Single mothers are used to the stigma, David Archibald, but we’re far from lazy

David Archibald speaks at a rally in Perth in 2011. Photo: YouTube/mmattjanetSingle mothers lazy? Anthony Albanese – son of a single mother –is rightto call for Pauline Hanson to dump Western Australian One Nation candidate David Archibaldfor saying single motherhood “was a lifestyle choice” and thatsingle mothers were “too lazy to attract and hold a mate”.
Nanjing Night Net

As a single mum of four, I am used to this negative stigmatism which too often accompanies non-traditional parenthood.

Anthony Albanese’s mother, Maryanne Ellery, raised her son on her own. Photo: Albanese Family

I know I am in the minority: Only 16 per cent of families worldwide are single-parent families. But given I didn’t get a full night’s sleep for almost 4000 consecutive nights (or 10 years), that could hardly make me lazy. Singlemotherhood means double the work, double the responsibility and double the number of decisions. Theformula for raising children is often difficult for two-parent families to grasp let alone one on their own.

For me, the jobof single motherhood wasn’t a choice, but circumstances lead me here. The package goesbeyond fulltime paid work. I single-handedly supported a family of five, raising four children under seven, with the constant anxiety of being 100 per centaccountable for the well-being of my children. It’s not just the anxiety but the lack of some one to help with chores around the home that can be overwhelming. I was taking the garbage bins out the night I went into labour with my fourth child. I had to cajole the other three children into the car (yes … they all came to the birth). This cemented the turbulent breadth of responsibility that lay ahead.

Federal ALP politician Anthony Albanese, son of a single mother says he is offended by One Nation’s David Archibald calling single mothers lazy. Photo: Kate Geraghty

Despite my perpetual state of exhaustion, I drew upon my own life experiences to formulate a unique parenting method for a unique situation. These included three years backpacking, working and living around the world, learning various languages, three university degrees and a career as a finance journalist and editor.

My children have all thrived academically and socially and they are extremely kind, well-adjusted people so I can now look back relieved that whatever I did, for the most part, worked.

Of course, there are challenges unique to every single-parent family. The hardest parts of single motherhood have been:

1. Fatigue. My parenting style, which involved co-sleeping, breastfeeding each child for at least two years, home cooking, fulltime work and volunteer work, meant I was always tired.

2. Decisions. A single parent with full responsibility for their children has no consistent sounding board to flesh out decisions. When every decision needs to be made by one person alone, it can be overwhelming. I made plenty of good decisions but I also made some bad ones – and for those, it would have been great to share the blame with someone …

3. Vulnerability. Single parents with full responsibility are financially, emotionally and socially vulnerable because we are on our own. In a healthy relationship, one plus one equals so much more. But when you are on your own, there is no one to play devil’s advocate, no one to playgood cop/bad cop and no one to back up your argument.

Despite those challenges, there are some very special things about being a single parent. A conflict-free environment is possibly the most important. Then there is the closeness to your children. And the knowledge that they are the way they are because of all your hard work, love and dedication.

There is too the liberating side of making all the decisions on your own, unhindered by a partner.

I took my children to live in France. We backpackedfrom the Arctic Circle in Norway down to the Sahara Desert in Morocco. On another trip, we ventured through China and across Russia and Mongolia on the Trans-Siberian railway. We travelled around Australia – camping under the stars, swimming in deserted hot water springs and climbing mountains.

This latest comment from a One Nation male politician showsthere will always be people out there who label and judge.

Single parenthood comes in many forms ranging from parents with zero contact with their children to parents with 100 per centresponsibility.

Most of us don’t start out wanting to be single parents. We find ourselves in this circumstance for varied reasons, including the death of a partner, separation/divorce, adoption, planned insemination, unplanned or planned pregnancy and rape.

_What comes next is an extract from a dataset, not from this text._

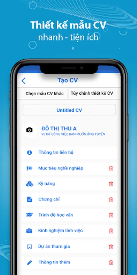 Besides, timviec365.vn also shows itself as a "player" when catching up with the latest design trends to apply to 365+ of his CV template. You can easily find a CV design style in our app, from simple, elegant CVs to more sophisticated ones with the breath of time and sophistication.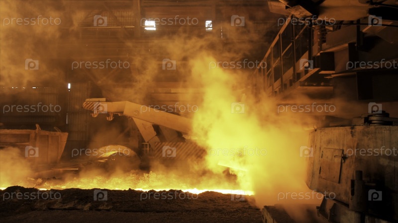 Горячая сталь наливается в канаву на металлургическом заводе, концепция тяжелой промышленности.Производство расплавленной стали в электрических печах

It is not just single mums who get judged. Career women, women without children, gay people and even white picket fence married people with children get judged.

There is no longer a prescribed formula for what a family looks like or how you should raise your children.

For me, from the ashes of the unexpected and a lot of hard work and intuitive, independent thinking, I grew strong and resilient and stopped caring about who was judging.And I learnt to embrace the abundance that I do have. I am many things to my family and friends: but lazy isn’t one of them.

Rosy Mobbs is a nurse and a financial journalist. This story Administrator ready to work first appeared on Nanjing Night Net.